Ramiro Pez
- Born: Ramiro Pez 6 December 1978 (age 47) Córdoba, Argentina
- Height: 1.77 m (5 ft 10 in)
- Weight: 86 kg (13 st 8 lb)

Rugby union career
- Position: Fly-half

Senior career
- Years: Team / Apps / (Points)
- 1999-2000: La Tablada
- 2000-2001: Rugby Roma / 19 / (122)
- 2001-2003: Rotherham Titans / 46 / (557)
- 2003-2004: Leicester Tigers / 13 / (100)
- 2004-2005: Rotherham Titans / 12 / (131)
- 2005: Bath Rugby / 1 / (0)
- 2005: Castres Olympique / 1 / (0)
- 2005-2006: USA Perpignan / 11 / (61)
- 2006-2007: Bayonne / 7 / (41)
- 2007-2008: Venezia Mestre / 7 / (46)
- 2008-2009: Toulon La Tablada / 7 / (25)

International career
- Years: Team / Apps / (Points)
- 2000-2007: Italy / 40 / (260)

= Ramiro Pez =

Italy international rugby union player

Ramiro Pez (born 6 December 1978 in Córdoba, Argentina) is an Italian Argentine rugby union footballer who normally plays at fly-half. In 2008-09, he joined the newly promoted French Top 14 club Toulon, having been signed from Venezia Mestre in the Italian Super 10 competition.
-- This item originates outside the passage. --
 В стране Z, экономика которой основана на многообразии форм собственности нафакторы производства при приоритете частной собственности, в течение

He made his international debut with the Italian national team on 8 July 2000, in a match against Samoa in Apia, scoring 9 points in the game.

Pez played with the National team both with Brad Johnstone and John Kirwan, but he did not take part to the 2003 World Cup. Back with the Italian team for the 2005 tour in Australia and Argentina, Ramiro Pez gave his fundamental contribution for the first Italian win against Argentina (30-29).
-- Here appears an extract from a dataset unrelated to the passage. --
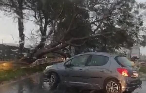 Vento e pioggia sulla città, raffiche sradicano un albero: volato via un serbatoio

Pez played for La Tablada in his hometown of Córdoba. The club won the title in November 2000, scoring all his teams' points in a 23-22 victory over Duendes Rosario. He went on to join Italian club Rugby Roma. He scored 122 points and 6 tries in 19 Serie A appearances. This included an Italian Championship final win over L’Aquila in Rome in June 2000. He scored 20 points in the final. He then joined Rotherham club for the 2001-02 season and was their top points scorer with 202 points, as they won the National Division One title. It was here where he enjoyed some of his best years, breaking into the Italy team and gaining national and international acclaim.

He spent the 2003-04 season with the Leicester Tigers. After playing with Bath he joined French side USA Perpignan. He played 13 matches that season with the Tigers, scoring 100 points for the club.

After a poor 2008/09 season at Toulon he was released to make way for the likes of Jonny Wilkinson and Felipe Contepomi. He has since moved back to Argentina to play for his home side La Tablada.

==Personal life==
Pez is of Italian descent through great-grandparents from Rome and Udine.